Opisthoteuthis dongshaensis
- Conservation status: Data Deficient (IUCN 3.1)

Scientific classification
- Kingdom: Animalia
- Phylum: Mollusca
- Class: Cephalopoda
- Order: Octopoda
- Family: Opisthoteuthidae
- Genus: Opisthoteuthis
- Species: O. dongshaensis
- Binomial name: Opisthoteuthis dongshaensis C.C. Lu, 2010

= Opisthoteuthis dongshaensis =

- Genus: Opisthoteuthis
- Species: dongshaensis
- Authority: C.C. Lu, 2010
- Conservation status: DD

Species of mollusc

Opisthoteuthis dongshaensis is a species of octopus located in the South China Sea.

==Name and habitat==
The type specimens, the animals used to formally describe the species, were found off Pratas Island. This is also known as Dong Sha Island, hence the species name. In Chinese (transliterated to the Latin alphabet), O. dongshaensis is called Dongsha-Miàn-Xiāo.
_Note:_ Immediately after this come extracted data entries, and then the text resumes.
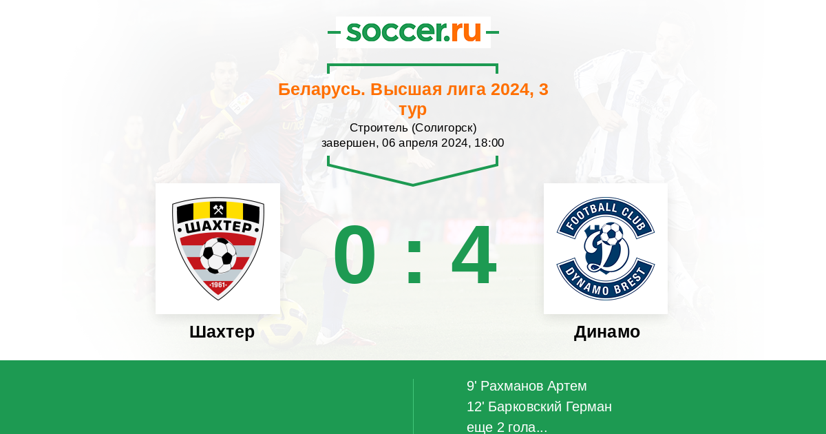 Беларусь. Высшая лига 20.06.2006 Динамо Логотип футбольный клуб Динамо (Брест) 3:1 Логотип футбольный клуб Шахтер (Солигорск) Шахтер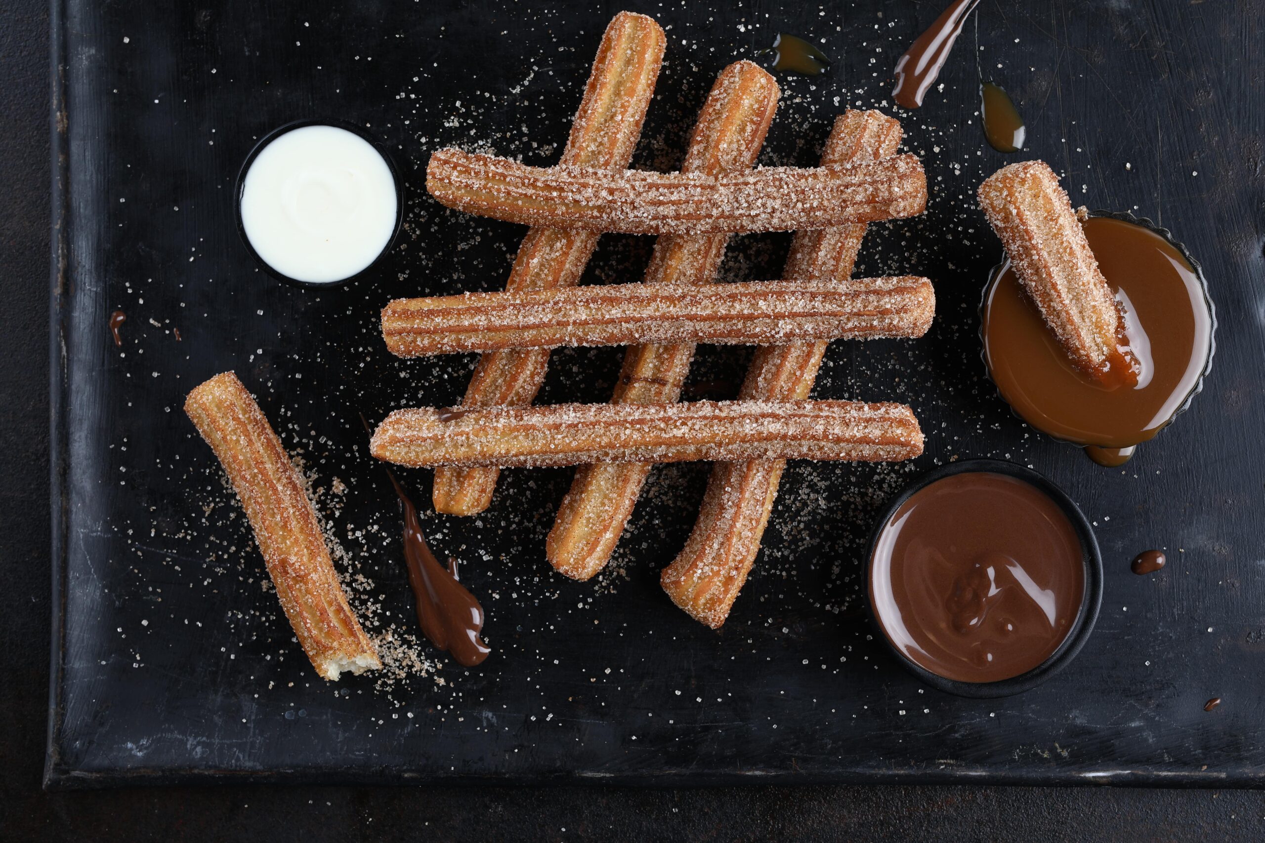 שש יחידות צ’ורוס בלווי רוטב חום אגוזים ולבן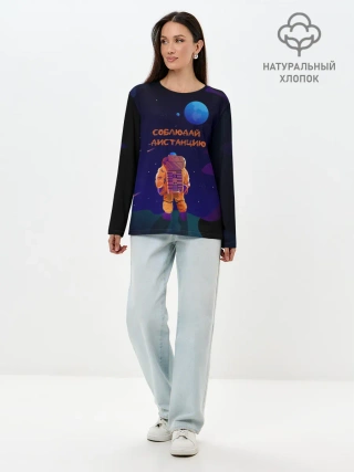 Лонгслив женский. Хлопок / Космонавт на Дистанции

The species is only known from waters near Dong Sha Island. O. dongshaensis lives 660-1,015 m deep. O. dongshaensis occupies the benthic zone, living on or near the seafloor. It may be threatened by fishing in the area; however, further research is still needed.

The type specimens of the species are held by the National Museum of Natural Science in Taichung, Taiwan.

==Anatomy==

O. dongshaensis is small and has a roughly bell-shaped body. The males, like many other octopuses in the genus Opisthoteuthis, have some enlarged suckers. Males have oversized suckers in the distal field (at the ends of the arms; far from the body). These enlarged suckers only exist on some arms, while other arms have small suckers throughout. Females have proportionally smaller suckers than males; however, females have more suckers on average.

These octopuses have wide heads and large eyes. They also have large fins to aid in movement. The fins are long when compared to those of other cirrate octopus species. Thick, fleshy webs connect their arms, creating the distinctive "umbrella" shape. The arms may be of different lengths.